Talk at The University of Edinburgh, June 8/9th
I’m thrilled to be part of the symposium Minds and brains in everyday life: Embedding and negotiating scientific concepts in popular discourses, at the Institute for Advanced Studies in the Humanities, The University of Edinburgh (UK).
From the website: “This 2-day symposium aims to enable interdisciplinary discussion of how mind and brain figure in everyday understandings of ourselves, both historically and in contemporary society. The symposium addresses questions such as: How are mind and brain conceptualized, imagined and quantified in everyday life? How do (neuro)psychological discourses influence understandings of mind and brain outside of expert circles? How do these inform concepts of the self, social practices and social relationships in fields such as education, parenting, mental health and law? How do ideas of mind and brain figure in popular media discourses and what are consequences of the popular imagination? Finally, how can we use such analyses to reflect on historical and contemporary configurations of humanity?”

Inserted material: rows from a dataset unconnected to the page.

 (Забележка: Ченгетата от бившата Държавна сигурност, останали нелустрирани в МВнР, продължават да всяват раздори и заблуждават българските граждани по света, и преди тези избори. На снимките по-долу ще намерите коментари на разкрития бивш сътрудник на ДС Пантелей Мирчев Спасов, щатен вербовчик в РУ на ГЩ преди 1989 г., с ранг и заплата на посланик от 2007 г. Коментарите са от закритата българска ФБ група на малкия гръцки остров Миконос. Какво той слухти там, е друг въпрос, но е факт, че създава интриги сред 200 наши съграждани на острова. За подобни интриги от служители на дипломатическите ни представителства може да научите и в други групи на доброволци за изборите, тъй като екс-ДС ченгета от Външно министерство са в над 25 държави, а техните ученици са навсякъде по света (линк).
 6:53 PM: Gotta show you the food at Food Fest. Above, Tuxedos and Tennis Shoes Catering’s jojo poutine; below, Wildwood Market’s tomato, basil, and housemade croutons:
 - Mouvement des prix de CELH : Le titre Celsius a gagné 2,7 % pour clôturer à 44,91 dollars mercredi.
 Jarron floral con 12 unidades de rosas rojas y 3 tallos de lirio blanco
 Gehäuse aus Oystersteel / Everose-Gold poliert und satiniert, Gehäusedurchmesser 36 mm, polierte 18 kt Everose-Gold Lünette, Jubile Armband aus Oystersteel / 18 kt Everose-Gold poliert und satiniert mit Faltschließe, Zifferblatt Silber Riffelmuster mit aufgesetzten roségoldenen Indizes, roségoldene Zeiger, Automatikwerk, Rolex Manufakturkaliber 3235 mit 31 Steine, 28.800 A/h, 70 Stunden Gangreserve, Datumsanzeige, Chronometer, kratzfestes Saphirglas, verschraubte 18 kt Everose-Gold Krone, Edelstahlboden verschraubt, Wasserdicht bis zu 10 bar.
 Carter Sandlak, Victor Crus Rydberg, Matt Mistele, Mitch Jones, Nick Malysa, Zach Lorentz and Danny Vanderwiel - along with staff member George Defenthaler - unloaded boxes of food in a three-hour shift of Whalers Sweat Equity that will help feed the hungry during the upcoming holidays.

The program is exciting, with speakers such as Hilary & Steven Rose, Torsten Heinemann, Vincent Pidioux, and Tinkeke Broer (who organized this, together with Susanne Schregel). I’m up just before Hilary & Steven Rose, who will talk about their new book, which also deals with the promises and perils around the concept of brain plasticity. In my presentation, titled ‘Living Well with your Brains: moral repertoires of a plastic brain’, I’ll present some conclusions of my PhD.
If you’re in the neighbourhood, please join June 8th & 9th!